비활성화하려면: Claude는 disable_parallel_tool_use=True, OpenAI는 parallel_tool_calls=False.

4. 반드시 있어야 할 가드레일

production에서 빠뜨리면 안 되는 것들. 위 루프는 educational 버전이고 실제로는:

Step limit. 모델이 confused 상태에 빠지면 tool을 무한 호출한다. MAX_STEPS = 25 정도로 hard cap.

for step in range(MAX_STEPS):
    response = ...
    if no_tool_calls: break
else:
    raise AgentExceededMaxSteps()

Argument validation. 모델은 schema를 무시하고 hallucinate 한다. string에 int 박고, required field 빠뜨리고. tool 실행 진입점에서 항상 validate. 실패해도 throw하지 말고 error 메시지를 tool_result로 돌려주기 — 모델이 보고 자가 교정하게.

def execute(name, args):
    try:
        validated = TOOL_SCHEMAS[name].validate(args)
        return TOOL_FNS[name](**validated)
    except ValidationError as e:
        return {"error": f"Invalid args: {e}. Expected schema: {schema}"}

Claude는 tool_result에 is_error: true 플래그가 있고, 이걸 쓰면 모델이 error로 명확히 인식한다.

Cost/budget cap. token 누적, USD 누적 추적. 임계치 넘으면 abort. agent가 폭주하면 시간당 수백 달러 나가는 거 순식간이다.

Idempotency. 외부 부수효과 있는 tool (DB write, API 결제, email send)은 retry 안전성 확보. tool_use_id를 idempotency key로 쓰는 게 흔한 패턴.

Context window 관리. 긴 agent run은 결국 context를 채운다. 두 가지 전략:

Compaction: OpenAI Responses API는 native compaction 지원 (모델이 prior state를 encrypted token-efficient 형태로 압축).
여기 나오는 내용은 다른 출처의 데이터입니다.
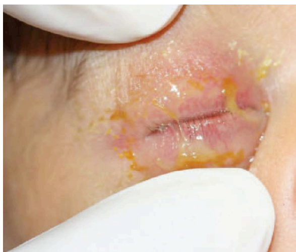
Obrázek 4 Novorozenecká gonokoková konjunktivitida [39]

Ophthalmoblenorrhoea neonatorum je novorozenecká gonokoková konjunktivitida, která může vzniknout uterinní infekcí nebo infikováním během porodu. Riziko přenosu při porodu z infikované matky na dítě je poměrně vysoké a to okolo 30 až 50 % a stoupá při předčasném roztrhnutí plodového vaku nebo při předčasném porodu. U dětí narozených předčasně se konjunktivitida projevuje několik hodin po porodu a u dětí narozených v termínu se první příznaky projeví zhruba po pěti dnech. Nemoc vzniká na obou očích a způsobuje otok víček, otok a zduření spojivky a hnisavou sekreci. Oči jsou velmi bolestivé na dotek. Bez léčby nemoc postihuje rohovku, může dojít ke vzniku zeleného zákalu a v nejhorším případě až k oslepnutí. Jako ochranu před nemocí se doporučuje novorozencům takzvaná kredeizace, kdy se kapou antiseptické oční kapky do spojivkového vaku, nejpozději 2 hodiny po porodu. [9, 16]
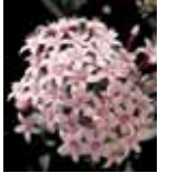
Pentas lanceolata 'Kaleidoscope Apple Blossom'
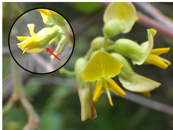
タンキリマメの花:最下のガク裂片は、ガク筒より長い
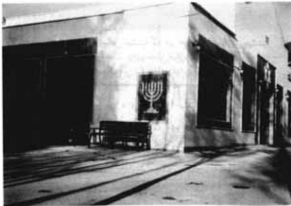
نمای خارجی سالن بهشتیه بعد از بازسازی

سالن اجتماعات بهشتیه تهران واقع در خیابان خراسان ۶۴ سال پیش ساخته شده بود و در طی این مدت طولانی فرسودگی ساختمان و مشکلات دیگر، این سالن بزرگ را به حالت متروکه و غیرقابل استفاده درآورده بود. اخیراً هیئت مدیره انجمن کلیمیان تهران تصمیم به نوسازی و مرمت سالن بهشتیه گرفت تا این مرکز را به محلی فرهنگی و اجتماعی تبدیل نماید.
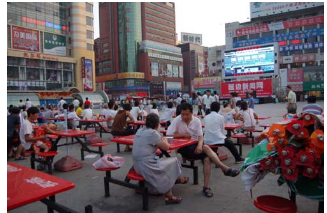
사진 1 연길 중심가 시민광장

과거 많은 유대인들이 이스라엘로 돌아 간 경우나 동유럽이나 구소련에 살던 독일인들이 서독으로 돌아 간 경우처럼, 모국 (homeland)의 정부가 국경 넘어 흩어져 살고 있는 디어스포라를 국민으로 받아들이는 것을 ethnic right of return 이라고 한다. 하지만 한국 정부는 여러 이유로 중국동포를 이주 노동자로 받아 들이고 있다. 일본, 헝가리, 터키도 한국과 비슷한 예에 속한다. 사실 트랜실베니아 지역에 살고 있는 헝가리 사람들은 연변의 조선족과 좋은 비교 연구가 된다. 국경이라는 개념이 없이 살고 있던 변방 사람들에게 국경이 그어지고, 국적이 주어지면서 중앙 정부와 소위 주류 사회는 이들에게 애국심을 강요하게 되고, 정체성과 소속을 묻게된 경우이다. 중국 동포사회는 한반도에서
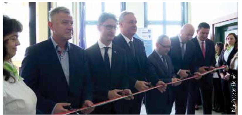
A legújabb fehérvári kormányablak a vasútállomás épületének első emeletén várja azokat, akik szeretnék gyorsan, könnyen elérhető helyen intézni hivatalos ügyeiket R. H.
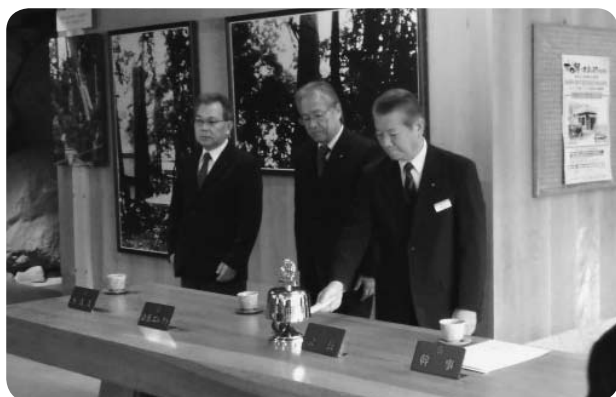
▲移動例会 豊寿庵 (11/26)
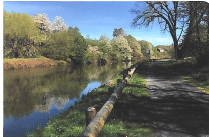
Chemin de halage le long de la Sambre à hauteur d'Erquennes

Au-delà de l'enjeu lié au maintien et à la restauration de la biodiversité, le projet TVBuONAIR a permis d'inscrire le territoire dans une ambition globale de requalification de son image fortement liée à son passé industriel, voire sidérurgique, pour le Val de Sambre. Pour cela, il a été question de coconstruire avec les acteurs locaux une dynamique commune et un cadre d'orientations générales de la « Trame Verte et Bleue urbaine » (TVBu) du bassin transfrontalier de la Sambre. Dans cette perspective, 4 axes de travail ont été développés.
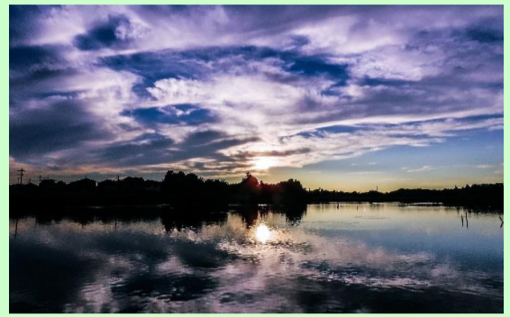
黒浜沼の夕景 花田 寛子
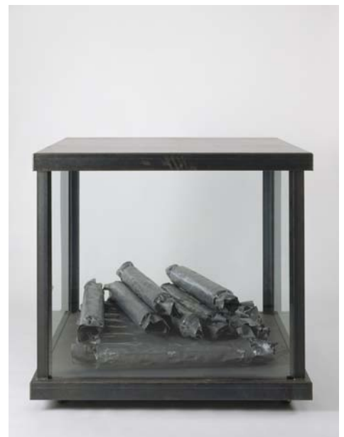
Sweets (1991), Susana Solano

La exposició que presenta el IVAM reuneix cerca de 150 obres de la Colección del museo con el objetivo de analizar las prácticas artísticas de carácter abstracto desarrolladas desde la posguerra hasta finales del siglo XX. La muestra recorre temática y cronológicamente la gran evolución sufrida por las distintas tendencias artísticas a partir del final de la Segunda Guerra Mundial, desde la emotividad contenida en los grandes lienzos hasta la tactilidad de la visión advertida en las instalaciones artísticas.
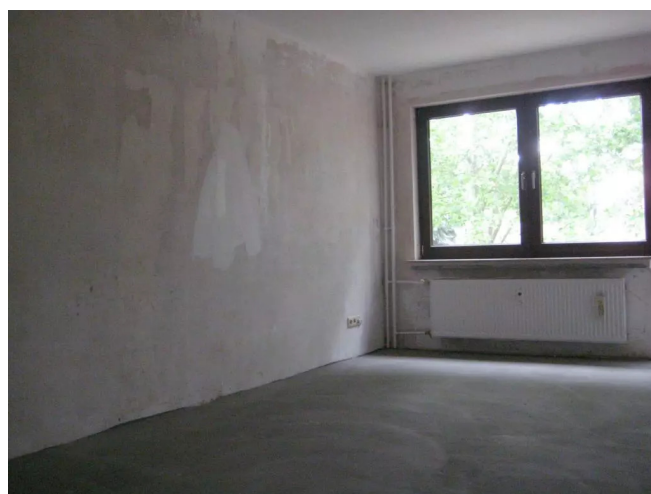
Wohnzimmer mit Balkon
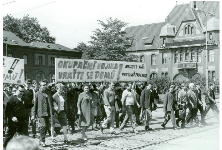
Srpen 1968 ve Vítkovicích.
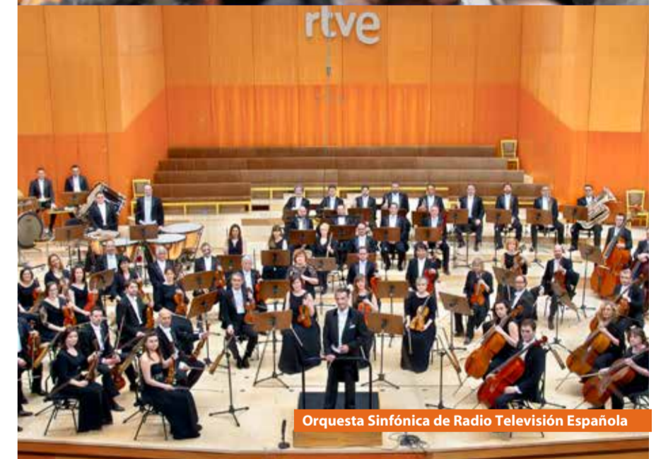
Orquesta Sinfónica de Radio Televisión Española
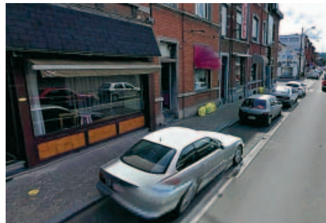
Monsieur X était dans la rue Varin ce jour-là...

Toutes les plaques d'immatriculation sont floutées sur Google Street View? Pas tout à fait... La preuve: si vous allez sur l'application Google, vous verrez que celle de cette voiture, garée dans la rue Varin, devant la vitrine d'une prostituée, est bien visible [...].
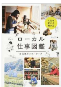
『ローカル仕事図鑑～新天地のハローワーク～』

Claude는 memory tool과 별도 summarize step.
Programmatic tool calling (Claude의 새 기능): tool 결과를 모델 컨텍스트에 매번 끌어오는 대신, code execution 환경에서 모델이 직접 tool들을 함수처럼 호출하는 코드를 작성하게 함. 20개 직원 예산 조회 같은 게 20 round-trip 대신 1 round-trip + 코드 1개로 끝남.

5. Streaming은 별개 차원이다

루프와 streaming은 직교한다. streaming을 키면 tool_use 블록도 점진적으로 들어온다 (Claude의 content_block_start/content_block_delta/content_block_stop 이벤트, Gemini 3의 streamFunctionCallArguments, OpenAI Responses의 SSE).
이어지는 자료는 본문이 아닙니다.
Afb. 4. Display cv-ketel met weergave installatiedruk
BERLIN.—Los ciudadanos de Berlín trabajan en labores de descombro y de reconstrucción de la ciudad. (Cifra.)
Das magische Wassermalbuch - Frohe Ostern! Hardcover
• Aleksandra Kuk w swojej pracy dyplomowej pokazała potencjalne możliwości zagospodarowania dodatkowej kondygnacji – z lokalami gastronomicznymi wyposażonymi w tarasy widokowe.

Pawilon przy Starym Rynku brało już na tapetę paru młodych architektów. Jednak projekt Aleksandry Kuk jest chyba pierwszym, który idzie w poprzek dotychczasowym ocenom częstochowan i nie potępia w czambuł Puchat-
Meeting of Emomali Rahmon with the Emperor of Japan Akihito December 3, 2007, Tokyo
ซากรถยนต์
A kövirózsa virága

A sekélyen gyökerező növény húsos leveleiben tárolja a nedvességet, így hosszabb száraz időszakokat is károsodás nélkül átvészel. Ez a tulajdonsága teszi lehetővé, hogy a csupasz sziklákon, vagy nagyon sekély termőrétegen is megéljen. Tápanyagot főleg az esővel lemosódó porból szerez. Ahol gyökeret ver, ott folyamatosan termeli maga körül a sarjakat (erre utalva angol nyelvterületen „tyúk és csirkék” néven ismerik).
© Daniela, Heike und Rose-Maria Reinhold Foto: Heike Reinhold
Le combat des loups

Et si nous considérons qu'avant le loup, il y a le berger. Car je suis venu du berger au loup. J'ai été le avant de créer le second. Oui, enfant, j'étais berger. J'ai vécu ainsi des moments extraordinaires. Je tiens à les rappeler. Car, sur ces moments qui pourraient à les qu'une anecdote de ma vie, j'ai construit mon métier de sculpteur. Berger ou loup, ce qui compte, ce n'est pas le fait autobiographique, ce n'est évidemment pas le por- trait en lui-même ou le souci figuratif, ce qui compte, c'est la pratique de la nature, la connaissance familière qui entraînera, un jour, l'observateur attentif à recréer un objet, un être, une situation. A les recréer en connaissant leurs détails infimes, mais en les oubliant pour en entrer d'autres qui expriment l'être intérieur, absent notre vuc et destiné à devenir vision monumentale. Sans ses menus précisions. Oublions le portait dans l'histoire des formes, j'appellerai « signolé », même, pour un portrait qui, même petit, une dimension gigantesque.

Fine-grained tool streaming (Claude): tool input JSON이 완성되기 전에도 token-by-token으로 받을 수 있음. UX 개선용. 단, JSON parsing은 stream이 끝나야 가능하니 실제 tool 실행은 content_block_stop 이후.
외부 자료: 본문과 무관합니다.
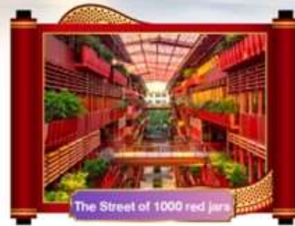
The Street of 1000 red jars

เดินทางโดยสายการบิน ไซน่าอีสเทิร์นแอร์ไลน์
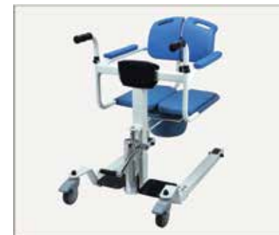
46. Visas iekārtas pilnīga uzstādīšana ir pabeigta.
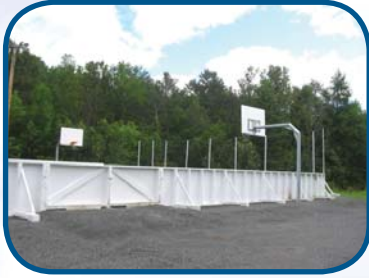
Installation de deux paniers de basketball à la Gare de Piedmont
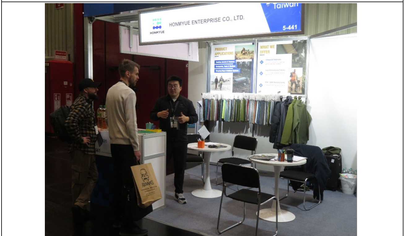
弘裕公司與買主商洽
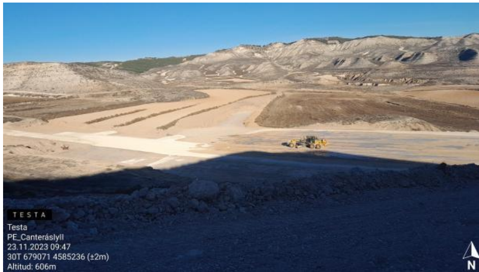
Extendido de zahorra CNT1-08
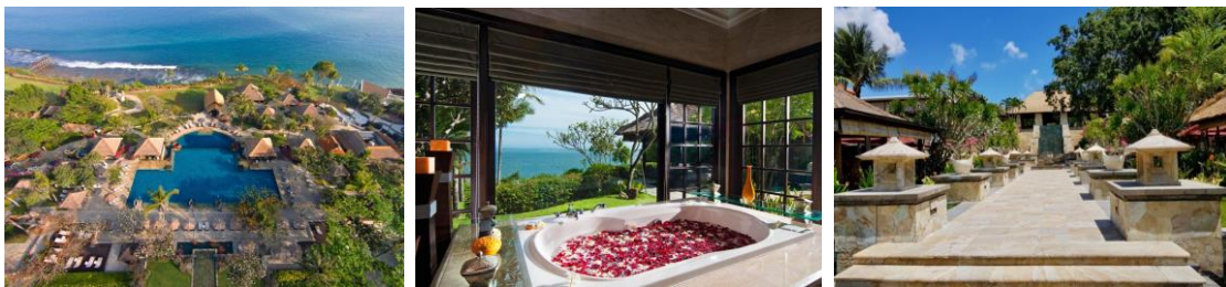
Gambar 3. Ayana Resort and Villa

Interior Ayana Resort and Spa Bali diaplikasikan dengan membuat elevasi pada bagian elemen plafond. Desain plafond memperlihatkan struktur rangka dan material sehingga jarak antara plafond dan lantai menjadi tinggi. Jarak ini dapat dijadikan salah satu cara untuk menyiasati pengaturan kondisi termal dalam ruang mengingat hotel ini berada di pinggiran pantai yang memiliki cuaca panas. Udara panas hasil penyerapan material atap akan mengalami penurunan intensitas selama berada di plafond sehingga kondisi pada area aktivitas dapat kembali normal. Penerapan cross ventilation juga digunakan oleh kamar-kamar dan ruangan yang ada di Ayana Resort and Spa.
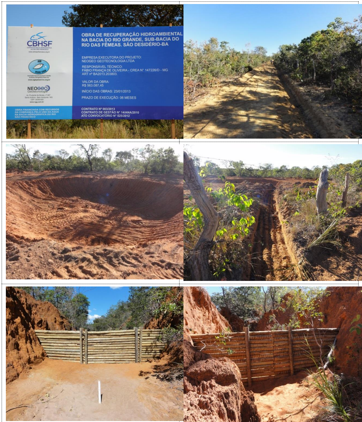
Figura 19 - Acervo fotográfico do projeto de recuperação hidroambiental da bacia do rio das Fêmeas.

Na Figura 19 são apresentadas fotografias que ilustram as intervenções executadas.
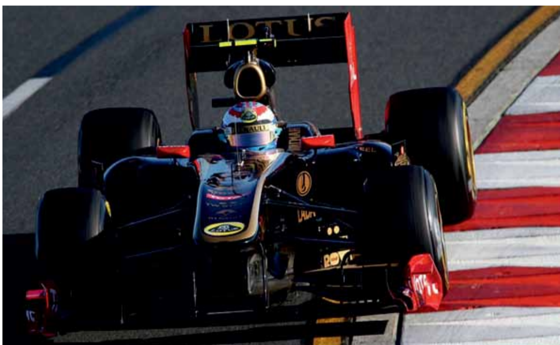
Vitaly Petrov fue la sorpresa de la carrera. Realizó un carrerón y se colocó tercero. Alonso no pudo con él.
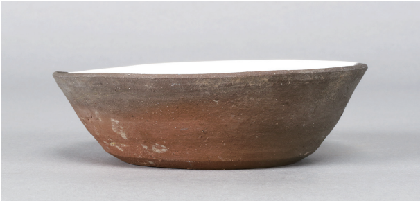
1 第 55 号土壙 (第 398 図 1)
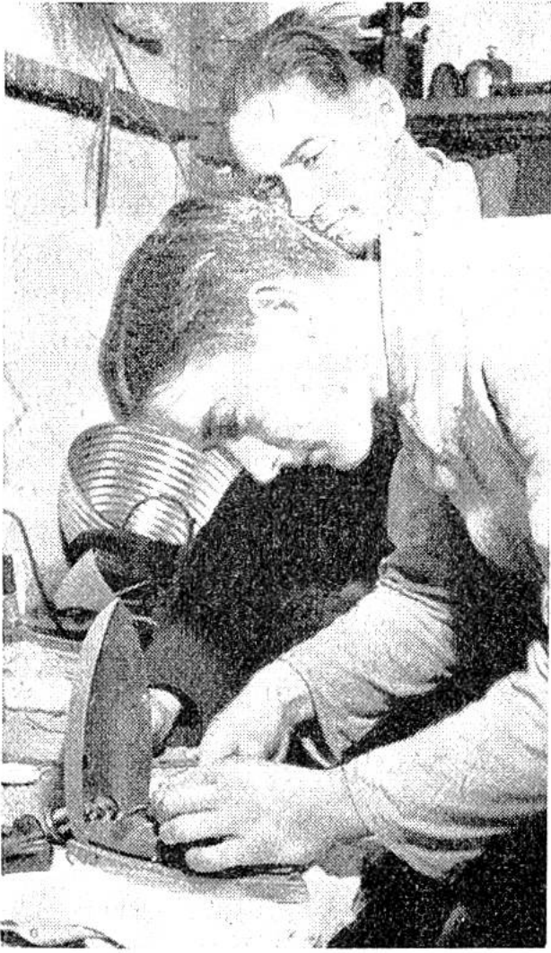
Der Fachmann gibt dem künftigen Elektroinstallateur Gelegenheit, ein reparaturbedürftiges Bügeleisen zu untersuchen.

aus den eigenen Verstand und die eigene Urteilskraft zu gebrauchen. Ich weiss, dass schon Elf- und Zwölfjährige häufig an ihren künftigen Beruf denken und davon träumen, für sich und andere auf ihrem späteren Arbeitsfeld einmal etwas Besonderes zu leisten. Solchen möchte ich empfehlen, einen Teil ihrer Freizeit der „Berufsforschung“ zu widmen. Dieser Sport ist mindestens so interessant, ja spannend, und ebenso belehrend wie das Markensammeln. Der „Berufsforscher“ schreibe zuerst einmal alle Berufe auf, die ihm bekannt sind, und zeichne auf dieser Liste jene an, die er unter Umständen selber ausüben möchte. Dann samle er in einer Mappe alle Bilder und Zeitungsnotizen,

OpenAI는 한 발 더 나가서 WebSocket 기반 persistent connection을 Responses API에 도입함 (Codex). 매 turn마다 HTTP round-trip 안 하고 같은 연결에서 sampling-tool-result를 왔다갔다 → 40% latency 절감.

6. Server-side tools라는 카테고리

여기서 헷갈리지 말 것: "tool"에는 두 종류가 있다.

Client tools (지금까지 설명한 것): 너의 코드가 실행. Claude의 bash/text_editor/computer/memory도 schema는 trained-in이지만 실행은 너의 책임.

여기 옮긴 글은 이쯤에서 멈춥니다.